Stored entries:
┌──
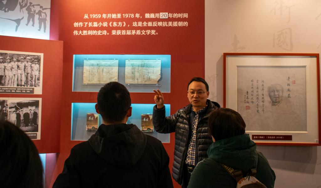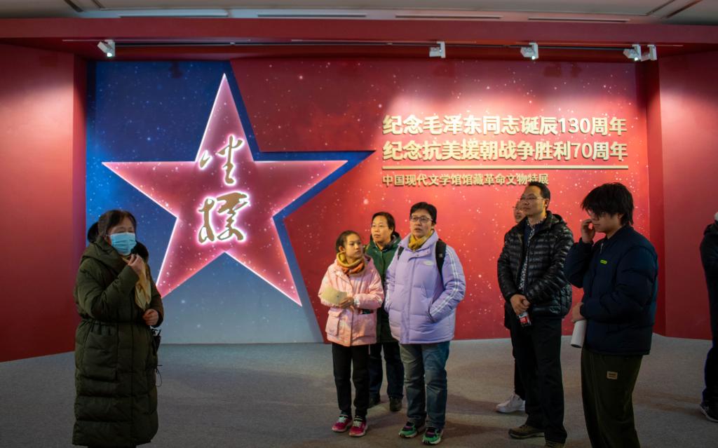 大家首先参观了文学馆为纪念毛泽东同志诞辰130周年暨抗美援朝战争胜利70周年开设的“坐标——中国现代文学馆馆藏革命文物特展”。展出以“革命文物展+文学展”的联动力量来讲述中国故事中的红色篇章。
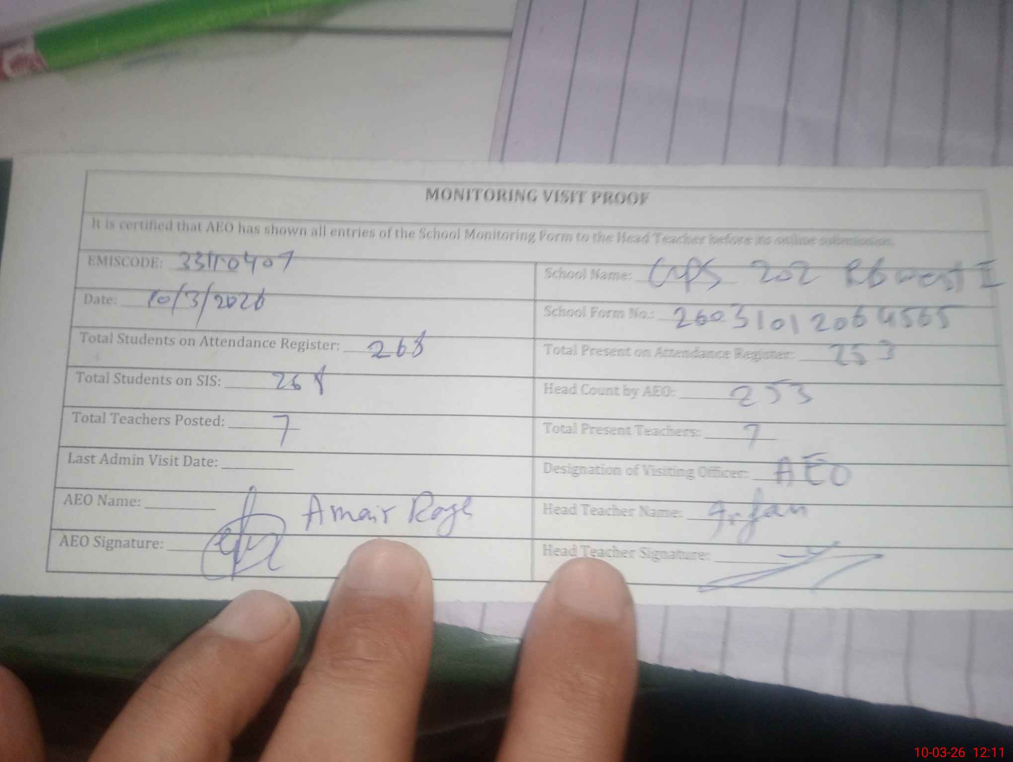 | EMIS Code: 33110407 | Name of School: GPS 202 RB I WEST BHIWALA | |||
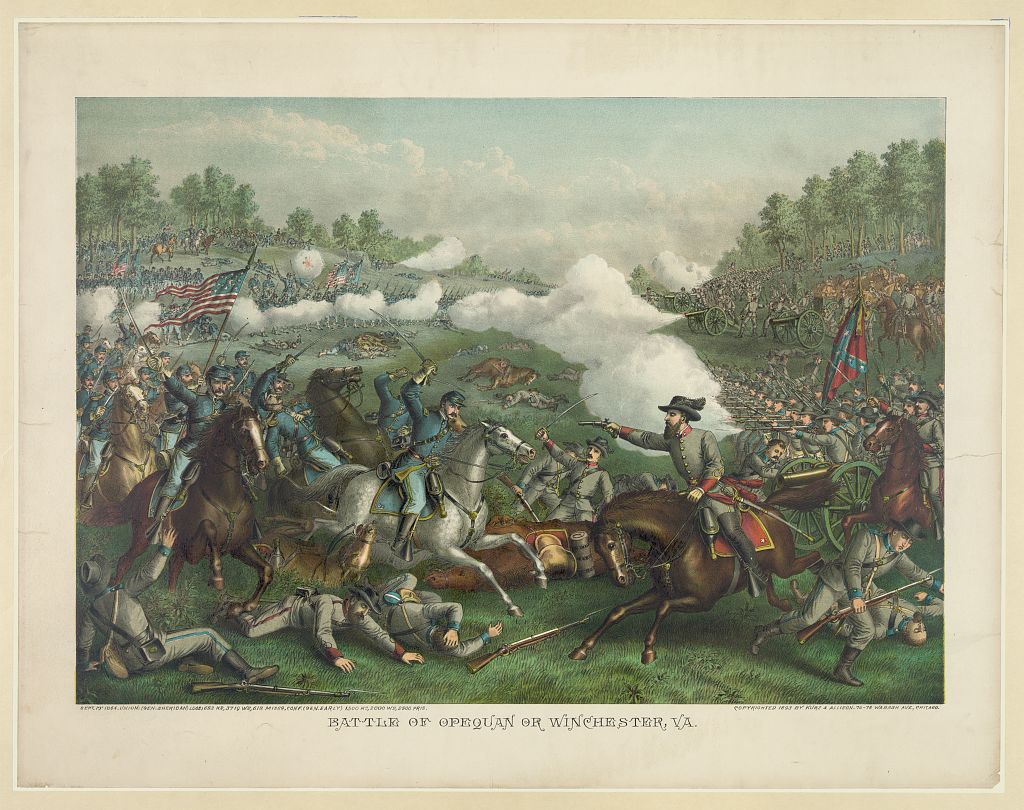 Inflicting heavy casualties during the Battle of Opequan (“Third Winchester”) on 19 September 1864, Sheridan’s gallant blue jackets forced a stunning retreat of Jubal Early’s grays—first to Fisher’s Hill (21-22 September). Then, following a successful early morning flanking attack, they pushed the Rebels back to Waynesboro. These impressive Union victories helped Abraham Lincoln secure his second term as President.
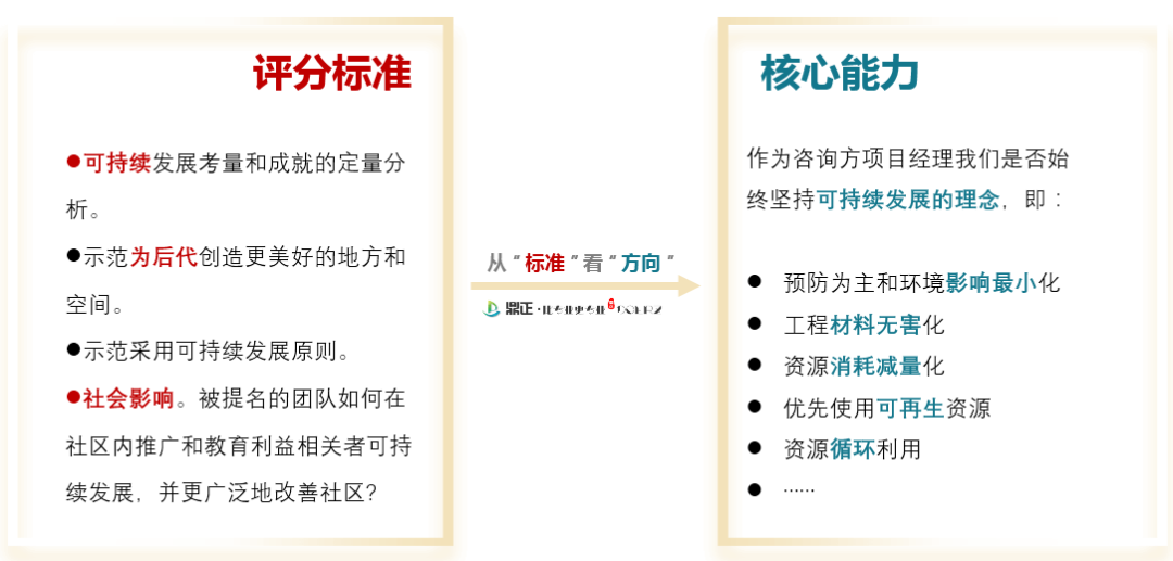 通过此次评奖申报过程中的思考与体会,我们想从RICS中国奖评分标准谈谈项目经理的努力方向。无论是投资决策咨询、规划设计,还是政府采购与招标代理、工程造价咨询、工程监理及项目管理咨询的项目经理,都需要明确优秀的项目管理是什么样的?要实现这些成果需要培养并精进哪些核心能力?
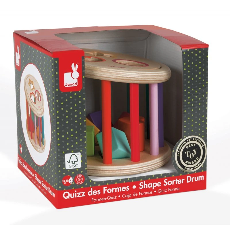Jolie boîte à forme colorée avec 6 cubes à encastrer. Idéal pour apprendre les formes et les couleurs, ce « quizz des formes » se révèle très pratique avec son couvercle magnétique permettant de récupérer facilement les formes sans se coincer les doigts. 3 formes s’encastrent d’un côté et les 3 autres de l’autre côté obligeant ainsi l’enfant à effectuer plus de manipulations.
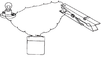 Draai een stukje draad om een spijker en zet deze tegen een pool van de batterij.
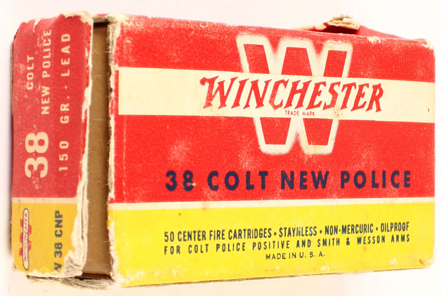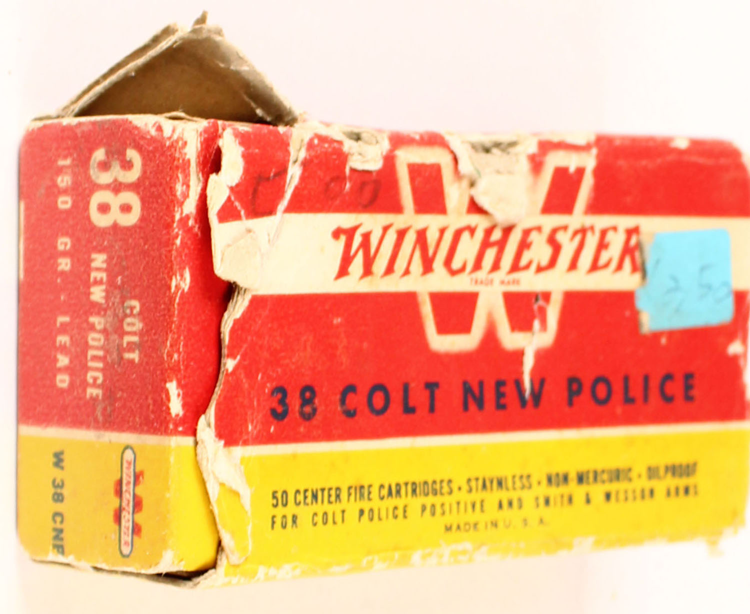 Winchester, .38 Colt New Police, 150 Grain Lead Bullet, Full, 1pc. Red yellow & white box, right end flap is torn, top and back side are all chewed up , edge wear, corner wear, sticker on top, ammo is good to very good. Grade: Good - Value: 10 to 50
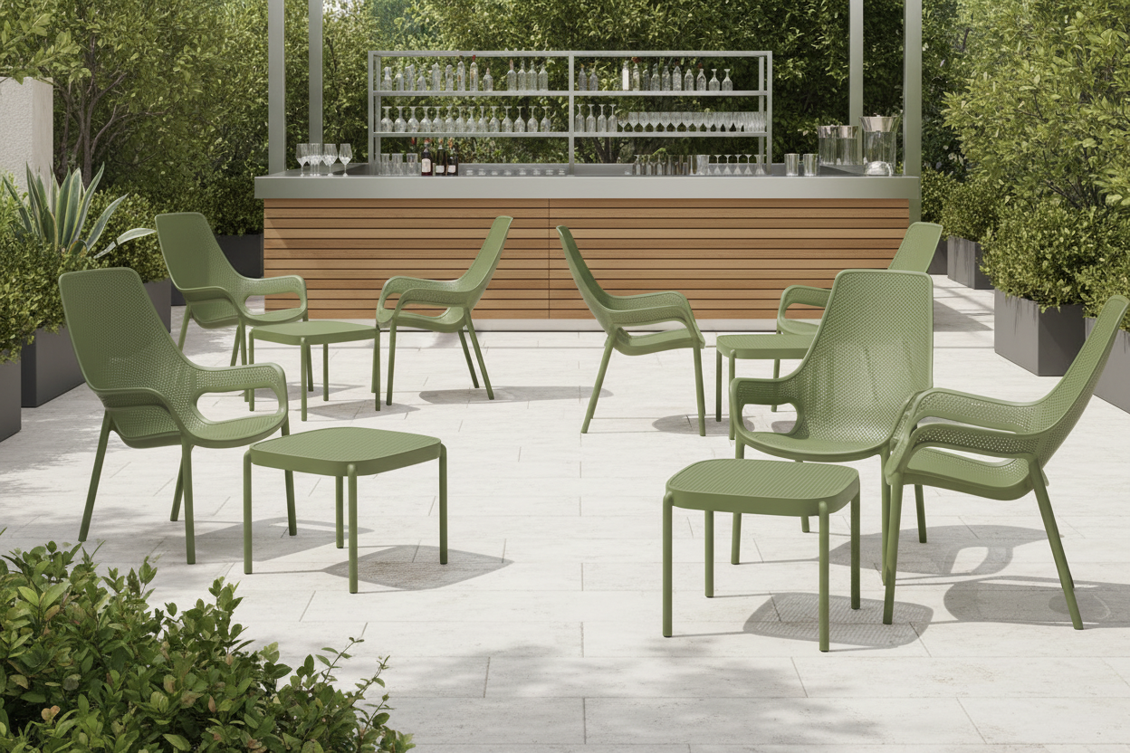 Zielone krzesło outdoorowe z podłokietnikami. Monolityczna forma bez łączeń. Odporne na promienie UV. Niska waga i możliwość sztaplowania.
└──
**What needs to be done:** The line that contains "Inflicting heavy casualties" opens the part to copy, and the last line of the records closes it; set down those lines exactly, pictures excluded.

**Solution:**
 Inflicting heavy casualties during the Battle of Opequan (“Third Winchester”) on 19 September 1864, Sheridan’s gallant blue jackets forced a stunning retreat of Jubal Early’s grays—first to Fisher’s Hill (21-22 September). Then, following a successful early morning flanking attack, they pushed the Rebels back to Waynesboro. These impressive Union victories helped Abraham Lincoln secure his second term as President.
 通过此次评奖申报过程中的思考与体会,我们想从RICS中国奖评分标准谈谈项目经理的努力方向。无论是投资决策咨询、规划设计,还是政府采购与招标代理、工程造价咨询、工程监理及项目管理咨询的项目经理,都需要明确优秀的项目管理是什么样的?要实现这些成果需要培养并精进哪些核心能力?
Jolie boîte à forme colorée avec 6 cubes à encastrer. Idéal pour apprendre les formes et les couleurs, ce « quizz des formes » se révèle très pratique avec son couvercle magnétique permettant de récupérer facilement les formes sans se coincer les doigts. 3 formes s’encastrent d’un côté et les 3 autres de l’autre côté obligeant ainsi l’enfant à effectuer plus de manipulations.
 Draai een stukje draad om een spijker en zet deze tegen een pool van de batterij.
 Winchester, .38 Colt New Police, 150 Grain Lead Bullet, Full, 1pc. Red yellow & white box, right end flap is torn, top and back side are all chewed up , edge wear, corner wear, sticker on top, ammo is good to very good. Grade: Good - Value: 10 to 50
 Zielone krzesło outdoorowe z podłokietnikami. Monolityczna forma bez łączeń. Odporne na promienie UV. Niska waga i możliwość sztaplowania.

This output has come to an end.